For the cavity-to-beam induced voltage, we define

\[R_b \equiv \frac{\rho l^2}{8} \,\]

where \(\rho\) is the series impedance, \(l\) the accelerating length, \(\tau\) the filling time. The cavity-to-beam wake is

\[W_b(t) = \frac{4 R_b}{\tau} \mathsf{tri}\left(\frac{t}{\tau}\right) \cos(\omega_r t)\]

and the impulse response components are

\[\begin{split}h_{s,b}(t) &= \frac{2 R_b}{\tau} \mathsf{tri}\left(\frac{t}{\tau}\right) \cos((\omega_c - \omega_r)t) \, , \\ h_{c,b}(t) &= \frac{2 R_b}{\tau} \mathsf{tri}\left(\frac{t}{\tau}\right) \sin((\omega_c - \omega_r)t) \, ,\end{split}\]

where \(\mathsf{tri}(x)\) is the triangular function, \(\omega_r\) is the central revolution frequency of the cavity, and \(\omega_c\) is the carrier revolution frequency of the I,Q demodulated current signal. On the carrier frequency, \(\omega_c = \omega_r\),

\[\begin{split}h_{s,b}(t) &= \frac{2 R_b}{\tau} \mathsf{tri}\left(\frac{t}{\tau}\right) \\ h_{c,b}(t) &= 0 \, .\end{split}\]

For the cavity-to-generator induced voltage, we define

\[R_g \equiv l \sqrt{\frac{\rho Z_0}{2}} \,\]

where \(Z_0\) is the shunt impedance when measuring the generator current; assumed to be 50 \(\Omega\). The cavity-to-generator wake is

\[W_g(t) = \frac{2 R_g}{\tau} \mathsf{rect}\left(\frac{t}{\tau}\right) \cos(\omega_r t)\]
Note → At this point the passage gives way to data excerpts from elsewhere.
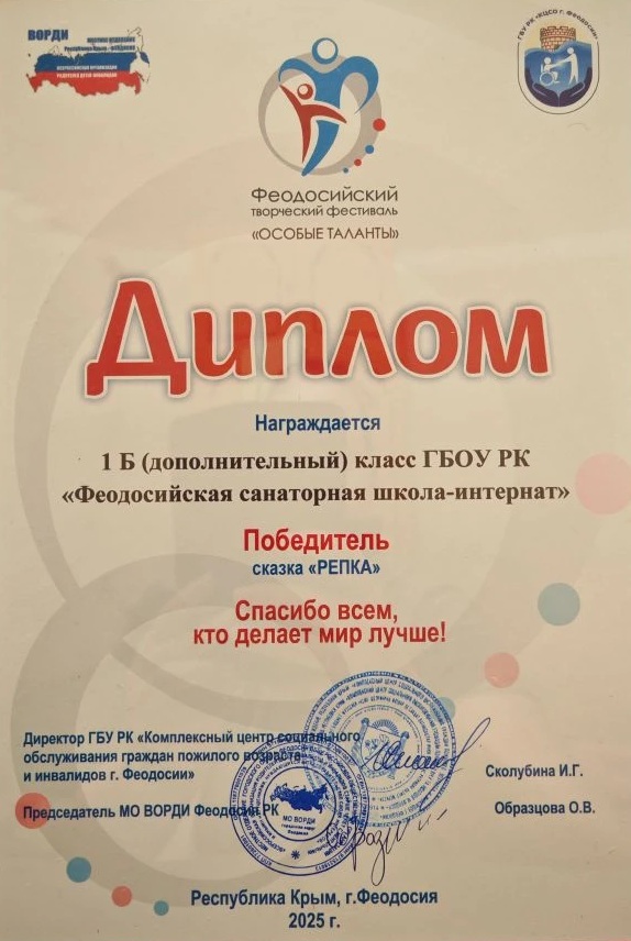 2 декабря 2025 года учащиеся класса 1Б(ДОП) приняли участие в Феодосийском творческом фестивале «Особые таланты» с театрализованной сказкой «Репка».
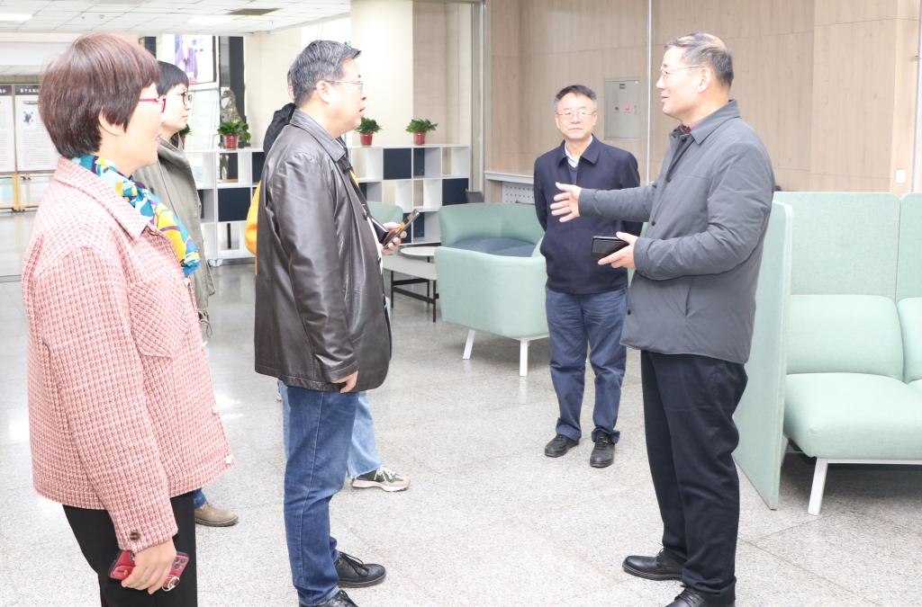 校长李志健(右一)在休闲阅读区谈图书馆建设发展
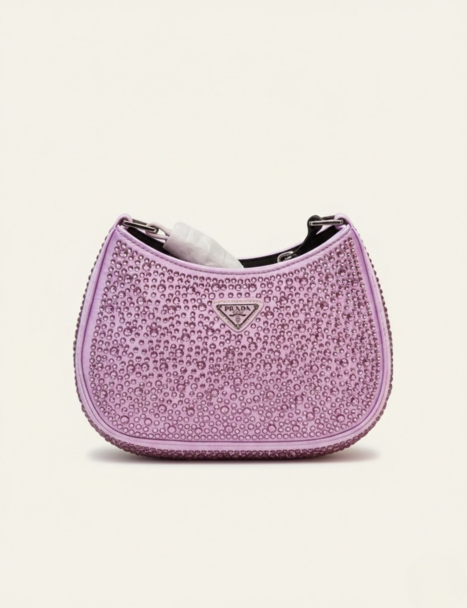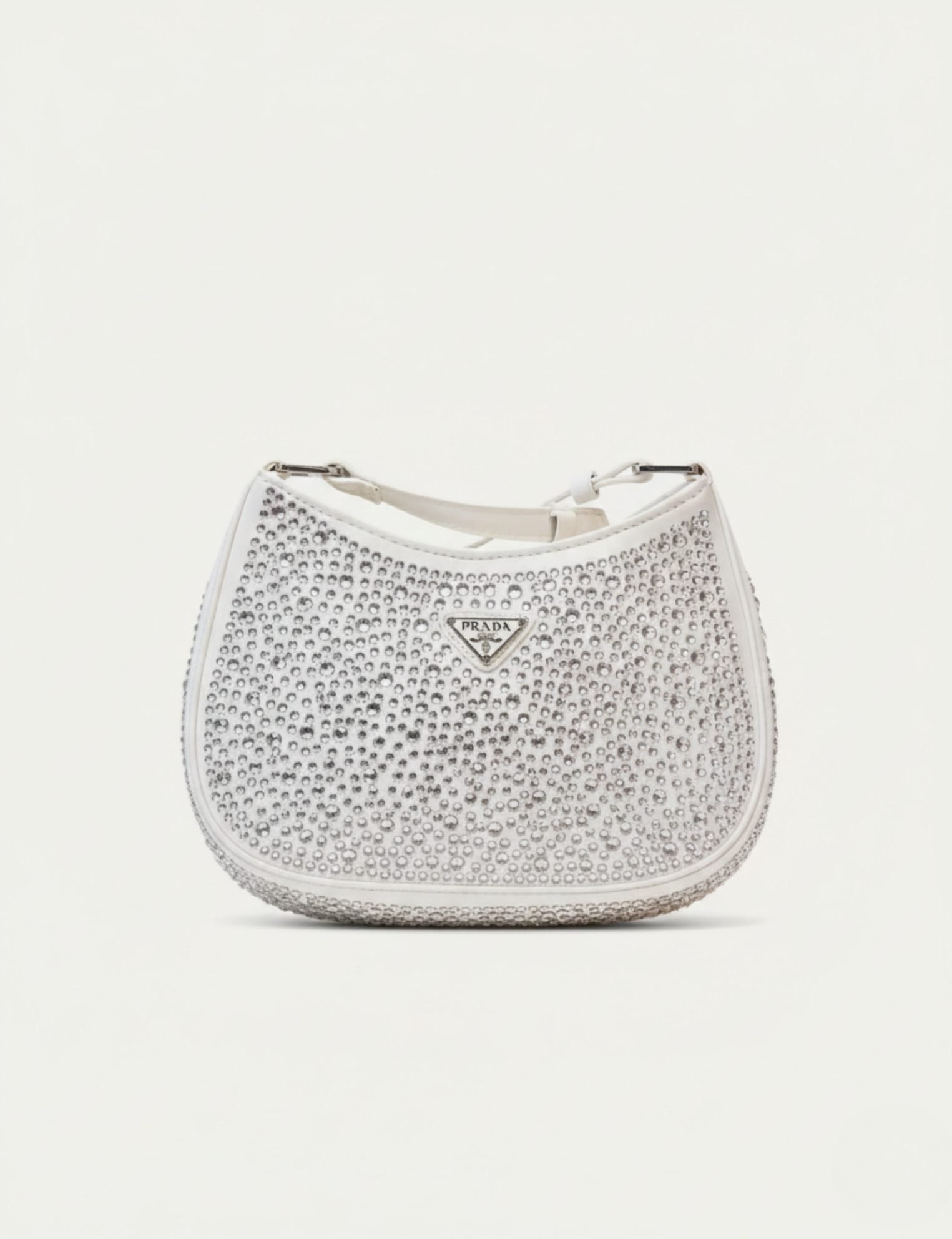 Sparkle day or night with the iconic Re-Edition 2000 Mini Bag. Fully covered in brilliant crystals for a dazzling effect, this bag features the signature triangle logo and a sleek woven shoulder strap. Perfect for carrying your essentials with a touch of luxury and glamour. Limited stock—secure yours now!
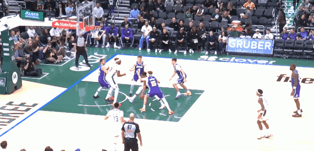 当然他换防护筐都不成,但有联盟最顶尖的切球+后场篮板+预判,也能用一身肉扛下戈贝尔。他经常像个手更快预判更好但不太盖帽的雄鹿版博古特。
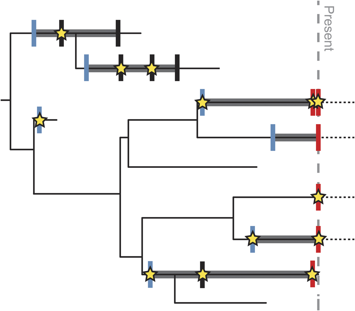 Figure 2 Schematic showing potential variation in “points of observation” for different types of data. Thin black line shows complete evolutionary history of a clade. Thick gray lines represent known stratigraphic range based on the fossil record. Dashed black lines represent range extension of living taxa into the future (it is currently unknown when the last occurrence will be). Blue vertical lines mark points of observation for discrete character data describing a species. Because all individuals of the species share these characters, they must be expressed by the time of the first occurrence of the species. Red vertical lines mark points of observation for molecular data; these are tied to the age of the sampled specimen, almost always at the present, except for rare samples from ancient DNA. Black vertical lines mark additional points in the stratigraphic range where species have been sampled. Stars mark points of observation for continuous morphological data, which are tied to the age of the measured specimen sampled from that part of the stratigraphic range. There may be more than one such specimen within the stratigraphic range of the species, and the age of the measured specimen(s) may not be coincident with the first or last occurrence of the species. Although vertical lines and stars are represented as “points” in time, each has an uncertainty associated with it based on the resolution of the fossil record and age model (see Fig. 1).

and the impulse response components are

\[\begin{split}h_{s,g}(t) &= \frac{R_g}{\tau} \mathsf{rect}\left(\frac{t}{\tau}\right) \cos((\omega_c - \omega_r)t) \, , \\ h_{c,g}(t) &= \frac{R_g}{\tau} \mathsf{rect}\left(\frac{t}{\tau}\right) \sin((\omega_c - \omega_r)t) \, ,\end{split}\]

where \(\mathsf{rect}(x)\) is the rectangular function. On the carrier frequency, \(\omega_c = \omega_r\),

\[\begin{split}h_{s,g}(t) &= \frac{R_g}{\tau} \mathsf{rect}\left(\frac{t}{\tau}\right) \\ h_{c,g}(t) &= 0 \, .\end{split}\]
Parameters
  • l_cell (float) – Cavity cell length [m]

  • N_cells (int) – Number of accelerating (interacting) cells in a cavity

  • rho (float) – Series impedance [Ohms/m^2] of the cavity

  • v_g (float) – Group velocity [c] in units of the speed of light

  • omega_r (flaot) – Central (resonance) revolution frequency [1/s] of the cavity

Z_0

Shunt impedance of generator current measurement; assumed to be 50 Ohms

Type

float

R_beam

\(R_b\) [Omega] as defined above

Type

float

R_gen

\(R_g\) [Omega] as defined above

Type

float

l_cav

Length [m] of the interaction region

Type

float

tau

Cavity filling time [s]

Type

float

compute_wakes(time)

Computes the wake fields towards the beam and generator on the central cavity frequency.

Parameters
  • time_beam (float) – Time array of the beam to act on

  • time_gen (float) – Time array of the generator to act on

W_beam

\(W_b(t)\) [Omega/s] as defined above

Type

float array

W_gen

\(W_g(t)\) [Omega/s] as defined above

Type

float array

impulse_response_beam(omega_c, time_fine, time_coarse=None)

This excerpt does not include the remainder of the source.